A huge problem I see with responsive/adaptive design today is that, all too often, it treats “small viewport” and “mobile” as being synonymous, when the two concepts are orthogonal. A mobile device can have a high-resolution display, just as a desktop user can have a small display, or just a small browser window.

Responsive designs need to design for viewport size, and nothing more. It’s not mobile, it’s a small display. Repeat that to yourself about a thousand times.

What’s holding back single-design philosophies isn’t display size, it’s user interface; for decades, web designers have counted on there being a mouse cursor to generate events – mouseovers, clicks, drags. That’s not how it works on touchscreen devices, and we need some facility – JavaScript checks, CSS media queries – to cater to touch-based devices as opposed to cursor-based devices.

Sanity Checks: Assumptions and Expectations

Assertions and unit tests are all well and good, but they’re too narrow-minded in my eyes. Unit tests are great for, well, testing small units of code to ensure they meet the basic requirements of a software contract – maybe a couple of typical cases, a couple of edge cases, and then additional cases as bugs arise and new test cases are created for them. No matter how many cases you create, however, you’ll never have a test case for every possible scenario.

Assertions are excellent for testing in-situ; you can ensure that unacceptable values aren’t given to or by a piece of code, even in production (though there is a performance penalty to enabling assertions in production, of course.) I think assertions are excellent, but not specific enough: any assertion that fails is automatically a fatal error, which is great, unless it’s not really a fatal error.

That’s where the concept of assumptions and expectations come in. What assertions and unit tests really do is test assumptions and expectations. A unit test says “does this code behave correctly when given this data, all assumptions considered?” An assertion says “this code assumes this thing, and will not behave correctly if it gets another, so throw an error.”

When documenting an API, it’s important to document assumptions and expectations, so users of the API know how to work with your code. Before I go any further, let me define what I mean by these very similar terms: to me, code that assumes something operates as if its assumptions are correct, and will likely fail if its assumptions turn out to be incorrect. Code that expects something operates as if its expectations are met, but will likely still operate correctly even if they aren’t. It’s not guaranteed to work, or guaranteed to fail; it’s likely to work, but someone should probably know about it and look into it.

Therein lies the rub: these are basically two types of assertions, one fatal, one not. What we need is an assertion framework that allows for warning-level assertion failures. What’s more, we need an assertion framework that is performant enough to be regularly enabled in production.

So, any code that’s happily humming along in production, that says:

Assume.that(percentage).isBetween(0,100);

will fail immediately if percentage is outside those bounds. It’s assuming that percentage is between zero or one hundred, and if it assumes wrong, it will likely fail. Since it’s always better to fail fast, any case where percentage is outside that range should trigger a fatal error – preferably even if it’s running in production.

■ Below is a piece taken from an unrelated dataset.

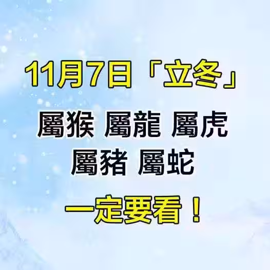 11月7日「立冬」「屬猴 屬龍 屬虎 屬豬 屬蛇」一定要看

On the other hand, code that says:

Expect.that(numRows).isLessThan(1000);

will trigger a warning if numRows is over a thousand. It expects numRows to be under a thousand; if it isn’t, it can still complete correctly, but it may take longer than normal, or use more memory than normal, or it may simply be that if it got more rows than that, something may be amiss with the query that got the rows or the dataset the rows came from originally. It’s not a critical failure, but it’s cause for investigation.

Any assumption or expectation that fails should of course be automatically and immediately reported to the development team for investigation. Naturally a failed assumption, being fatal, should take priority over a failed expectation, which is recoverable.

This not only provides greater flexibility than a simple assertion framework, it also provides more explicit self-documenting code.